---- Data excerpt

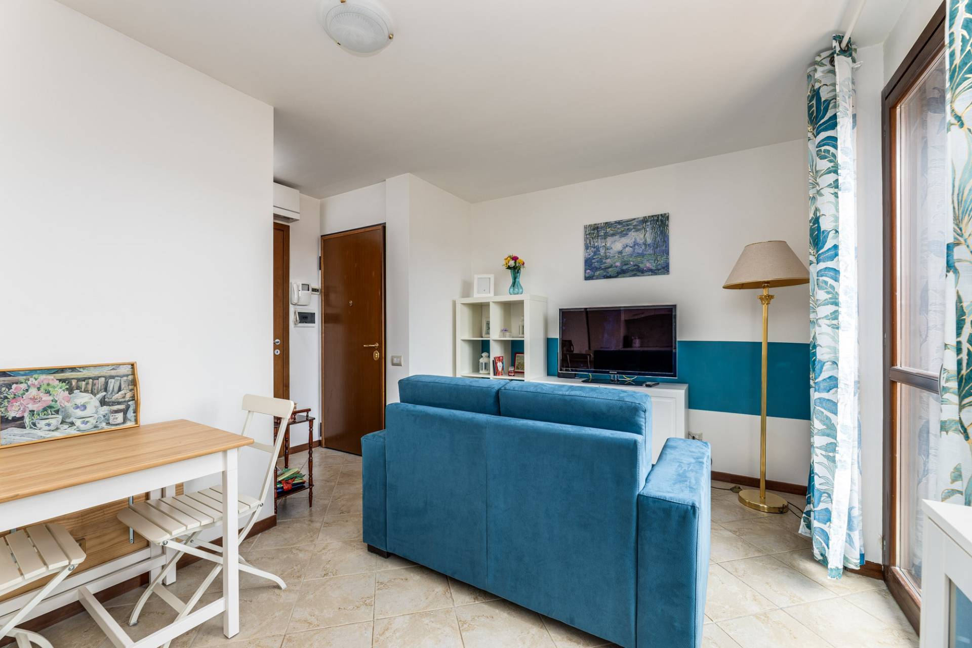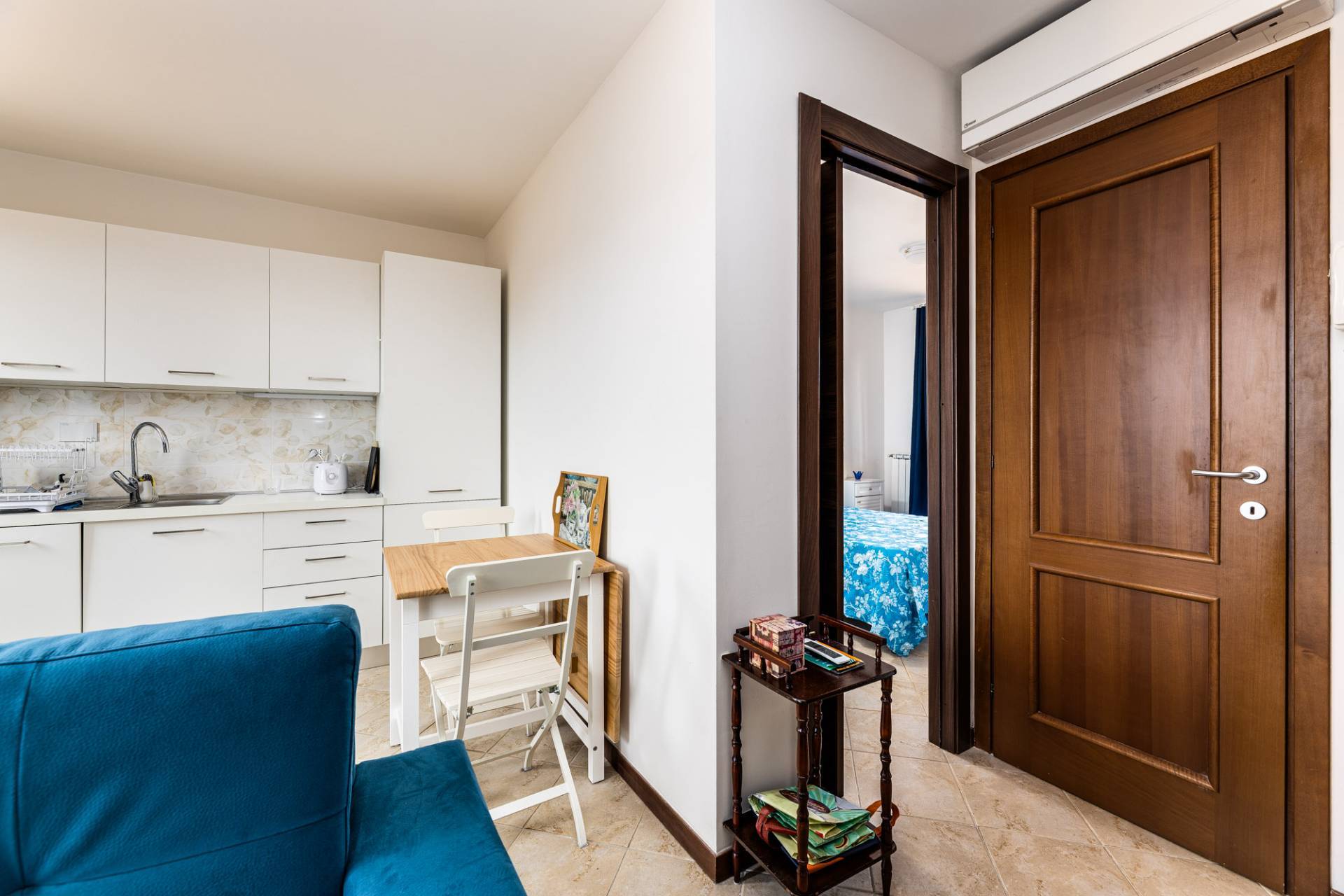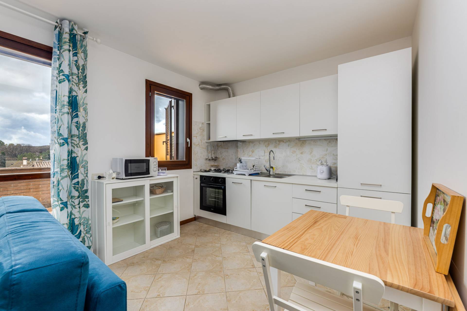 Soggiorno con cucina a vista, camera da letto, bagno con finestra, due terrazzi vivibili con vista aperta e comodo posto auto.
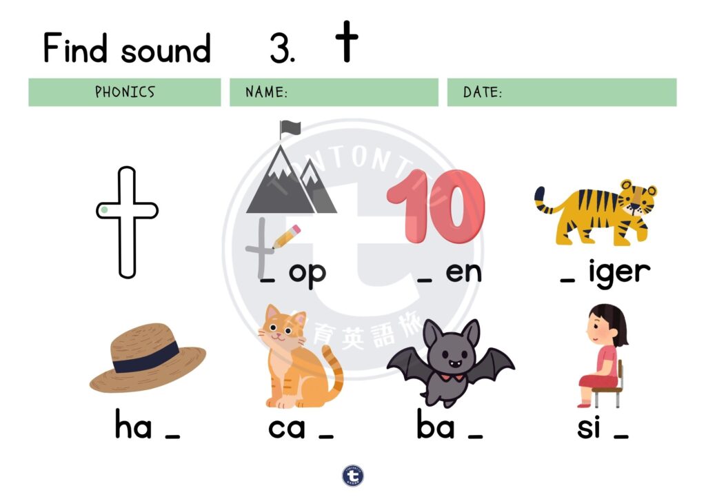 無料ダウンロード【フォニックス×音探し】「t」の練習(全41回)|子ども向けフォニックスワークシート
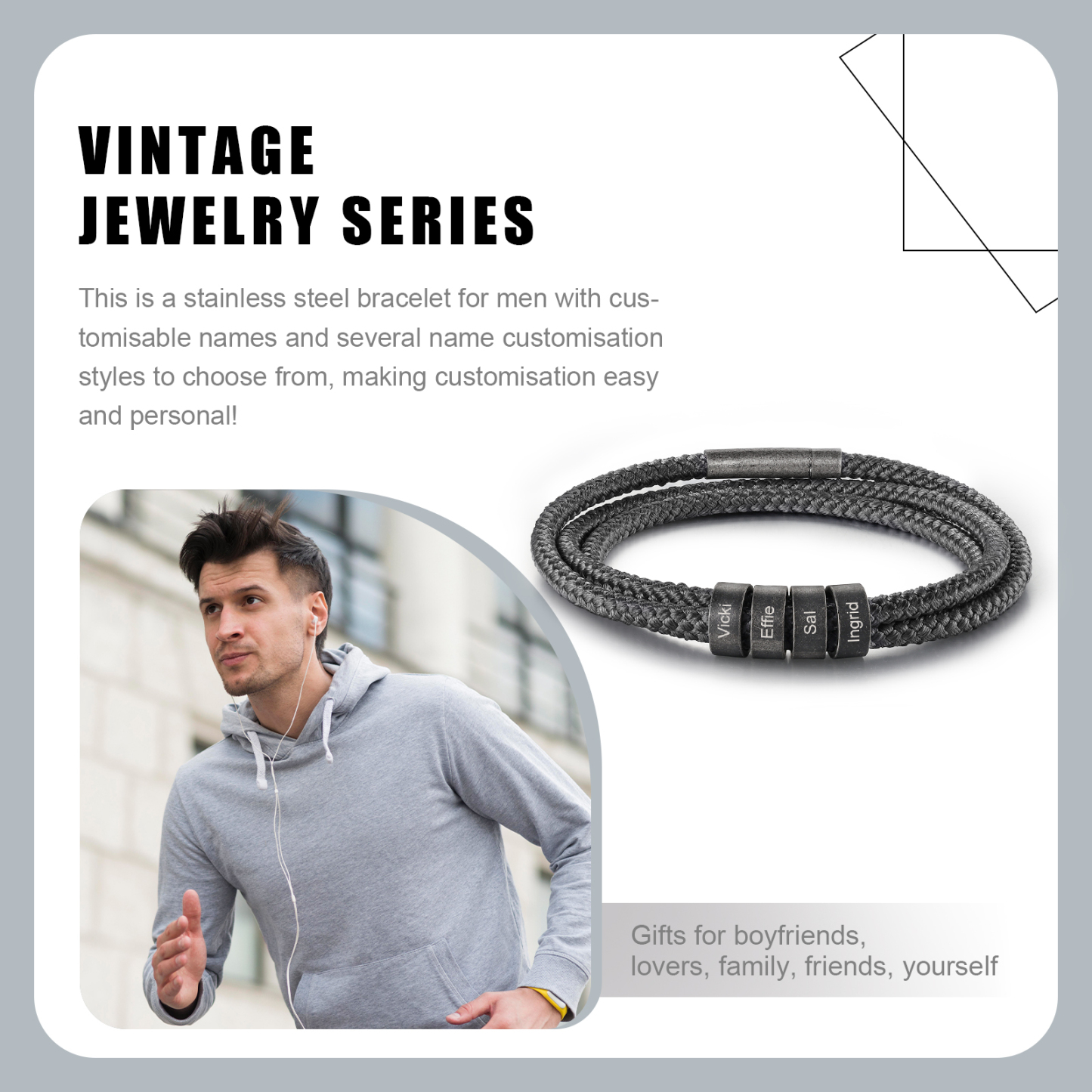 🌟 Elevate your style with this vintage men's bracelet – a distinctive and personalized accessory that allows customization with 2–4 names, adding a truly special touch.

--------

Every line from the one containing "無料ダウンロード【フォニック" through the last line of the listing must be written out again exactly, and no other line. Leave the pictures aside.

Written solution:
 無料ダウンロード【フォニックス×音探し】「t」の練習(全41回)|子ども向けフォニックスワークシート
 🌟 Elevate your style with this vintage men's bracelet – a distinctive and personalized accessory that allows customization with 2–4 names, adding a truly special touch.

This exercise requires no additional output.